Parenthood can be both wonderfully rewarding and frighteningly challenging. Children give gifts only a parent can understand — from sticky-finger hugs to heartfelt pleas to tag along on Saturday morning errands. As you raise them and make sure they get a good, strong start in life, one thing is obvious — children are expensive! Fortunately, you can take steps to prepare for the financial challenges you face.
How expensive is raising a child?
The United States Department of Agriculture estimates that the average nationwide cost of raising one child in a two-parent family from cradle to college entrance at age 18 ranges from $174,690 to $372,210, depending on income.1
Reassess your budget
As your family grows, you may need to make changes to your budget. Many living expenses may increase, including grocery, clothing, transportation, healthcare, insurance, and housing costs. You may also need to account for new expenses, such as childcare, or adjust your budget to account for a decrease in your income if you decide to become a stay-at-home parent. Your budget may also need to expand to include new financial goals, such as saving for college or buying a home. Making sure that your budget reflects your new financial priorities can help you stay on track.
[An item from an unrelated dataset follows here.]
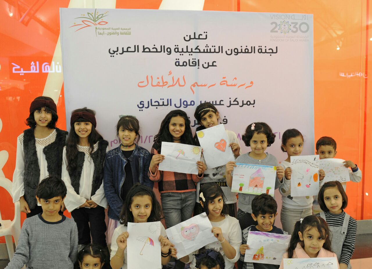 اختتمت جمعية الثقافة والفنون بأبها ممثلة في لجنة الفنون التشكيلية والخط العربي مساء أمس ” ورشة رسم للأطفال ” بمركز عسير مول.

Review your life insurance coverage
What would happen to your children if something happened to you? Life insurance is an effective way to protect your family from the uncertainty of premature death. It can help assure that a preselected amount of money will be on hand to replace your income and help your family members — your children and your spouse — maintain their standard of living. With life insurance, you can select an amount that will help your family meet living expenses, pay the mortgage, and even provide a college fund for your children. Best of all, life insurance proceeds are generally not taxable as income.
Keep in mind, though, that the cost and availability of life insurance depend on factors such as age, health, and the type and amount of insurance purchased. We typically recommend term life insurance which covers you for a fixed period (i.e., 10, 20, or 30 years), is designed to protect your dependents in case you die prematurely and is cheaper than other life insurance policies (i.e., whole life).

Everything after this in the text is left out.